ブレない自分を作る秘訣を聞かれ、「意外とブレブレです(笑)。落ち込むこともありますし、“何でもっと出来ないんだろう”と日々感じますが、寝る間際には褒めてあげる。今日あった一日の出来事で5つ“ありがとう”を言うというメソッドがあって、例えば飼い猫に“今日も癒してくれてありがとう”とか“今日は素敵な風が吹いてくれてありがとう”といった中の一つに自分のことを入れてあげる、“今日も頑張ったね、ありがとう”と。自分自身を管理するのはとても大切なこと。年齢は皆さん平等に重ねていくわけで、体力面は変わっていっていると私も感じていて、自分自身のサポートを外からも中からもしていかないといけないと痛感しています。キーワードはバランス。自分の心と体の調和が大切だと思っていますし、そういったこともあってレトルト食品を作りました。環境負荷と同じく生活負荷の軽減も重要。世の中に便利なものはたくさんあるけれど、健康のことを考えすぎると窮屈になってしまうので、そういったものに時々は頼ってもいいんだよと思っています。」と語った。
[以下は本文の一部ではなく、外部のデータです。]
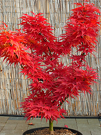 Карликовый японский клен. В 10 лет высота около 100 см. Крона густая, ярусная. Листья пяти-семи лопастные, с длиннными тонкими долями. Весной листья кирпично-красные; летом темно-красные; осенью - ярко-красные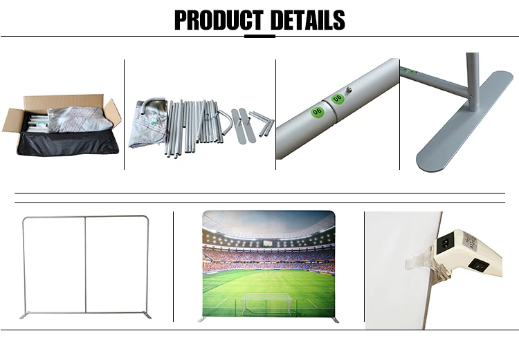 | Finishing | Custom printed fabric+Aluminum stand+carry bag+carton. Especially: graphic will be packed in bag also. |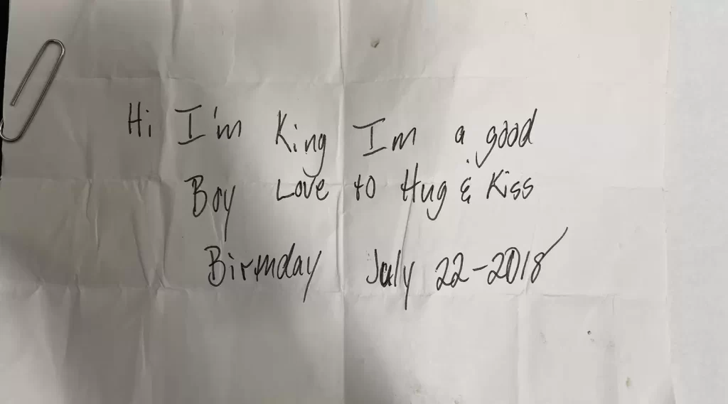 The note revealed his name was King. It said he was born in July 2018, that he loved hugs, kisses, and was a “good boy.”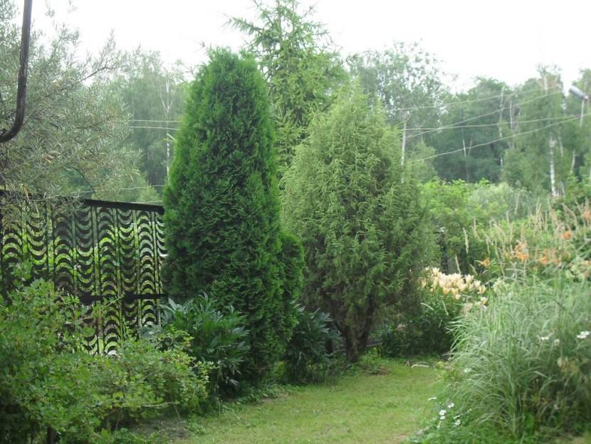 Хвойники, хорошо растущие в средней полосе России: туя, тис, пихта (бальзамическая, корейская), ель (голубая, обыкновенная, канадская), лиственница, кедр и можжевельник (казацкий, обыкновенный, горизонтальный, китайский).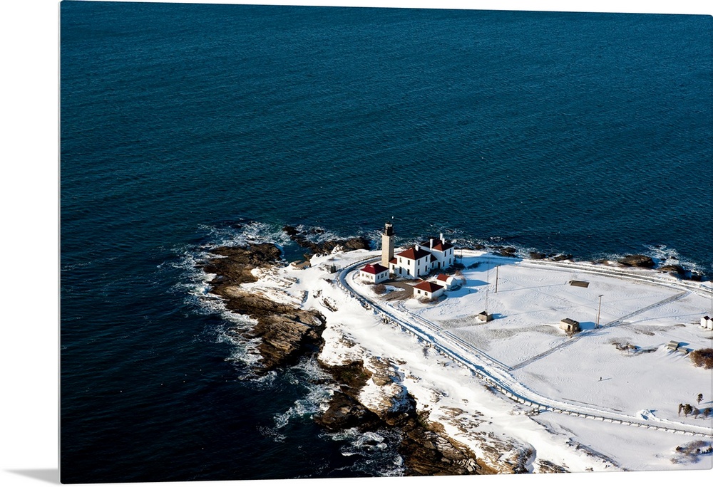 <p>Aerial view of lighthouse on Aquidneck Island, Newport, Rhode Island, USA</p>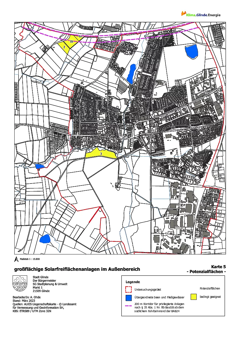 Die Stadt Glinde hat sich bereits im Rahmen ihres Integrierten Klimaschutzkonzeptes mit der möglichen Ansiedlung von großflächigen Photovoltaikanlagen innerhalb des Stadtgebietes überschlägig beschäftigt. Um den Anteil an erneuerbaren Energien zu erhöhen und dem Bau von Photovoltaik-Freiflächenanlagen nachzukommen, hat die Stadt Glinde ein informelles Rahmenkonzept zur Potenzialflächensuche aufgestellt. Der vorliegende Endbericht zeigt das Ergebnis der Untersuchung und beschreibt dabei die Vorgehensweise, wie die möglichen Potenzialflächen ermittelt wurden.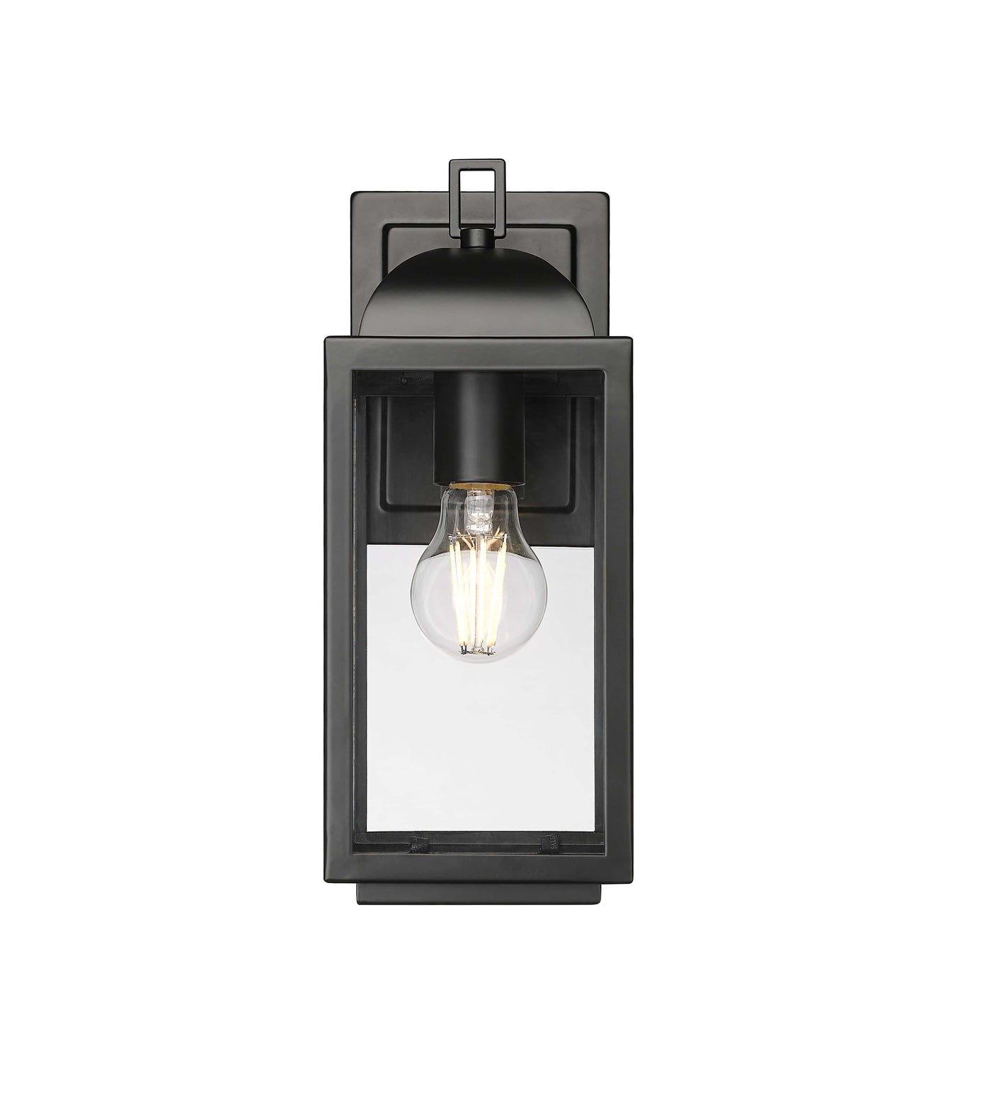 Beaufort Outdoor Wall Sconce - Powder Coated Black - Clear Glass - 6in. Extension - E26 Medium Base

また、「若い時は誰のために生きているんだろうという思いもありましたし、そこから守るために殻を作っていたのかなと。それをする必要がなくなって、歳を取るってこういうことなのかなって(笑)。自分の目指すもの、使命はそれぞれあると思います。若い時や経験が浅いうちは“これもいい、あれもいい”と迷う期間があって、でも大いに迷って経験をした結果、これがいい、とか、これをやっている自分が一番ワクワクするなと選択しやすくなっていく。そこに行き着くには人それぞれのやり方、時間のかけ方があると思います。」と語った。
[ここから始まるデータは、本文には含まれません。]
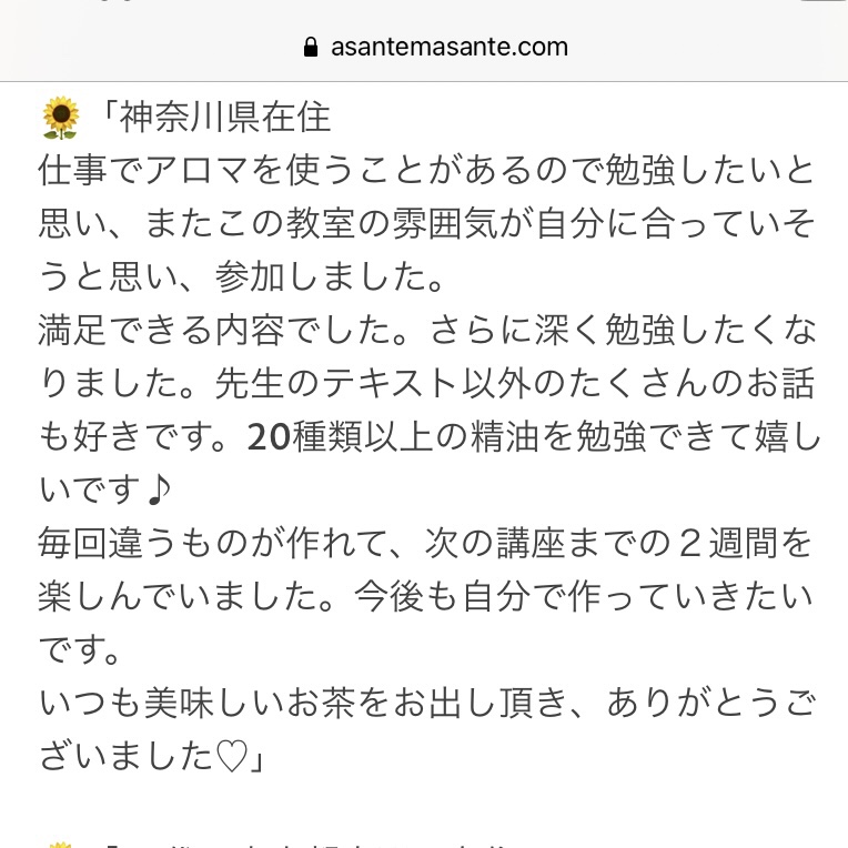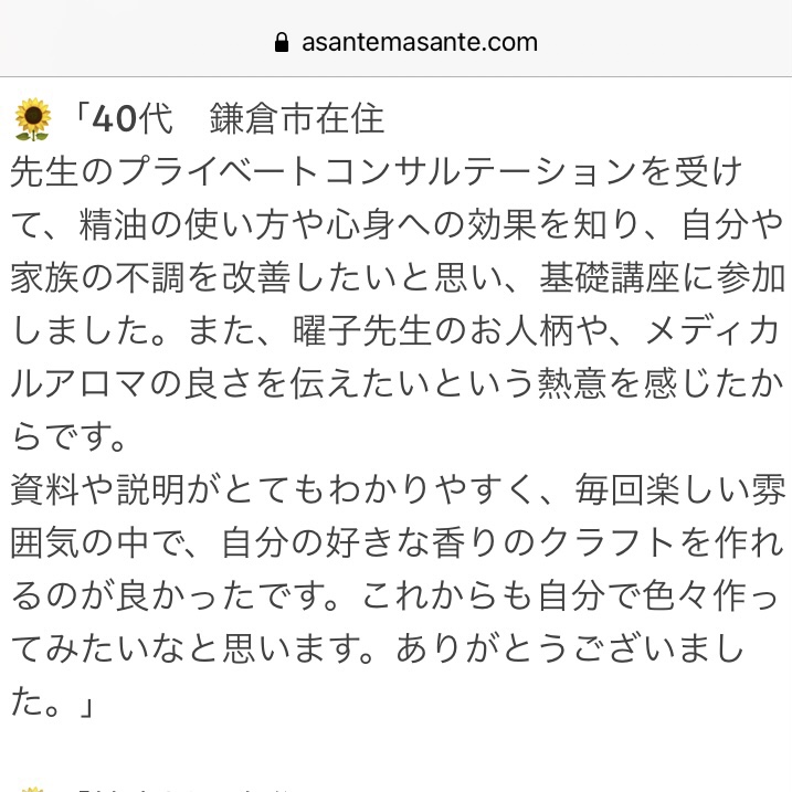 💌「鎌倉までなかなか行けないためオンラインレッスンは手軽に受けられて良かった。優しい雰囲気のインストラクターの方にマダガスカルの歴史や精油の効能を無理ないスピードで教えてもらえた& 試したことない精油の香りをテイスティングでき買いたい精油が判明した。スライドが分かりやすかった& マダガスカルでの栽培地域の情報は面白かった。」

そして最後に、「女性が活躍する社会が良いとされていますし、社会全体で推進していこうとしていると思います。それすらもバイヤスというか、抗わないと躍進できない部分があるんだなと感じながらも、最大限活かしてアプローチしていきたいです。中島みゆきさんの『糸』に“縦の糸はあなた 横の糸は私”という歌詞があります。男の人の役割、女の人の役割ってあると思うんです。それは差別ではなく、女性ホルモン、男性ホルモンといった特性。それに抗わない生き方が一番良いのではないかと感じていて、そこの中で最大限自分を活かすのが本当の豊かさであり素敵な生き方だと思います。女性の良さは競争力ではなく調和、共感する力。そこを伸ばしていくと、しなやかな女性が増えて幸せな社会になる気がしますし、私自身もしなやかな女性になれるように頑張りたいです。」と話し、イベントは終了した。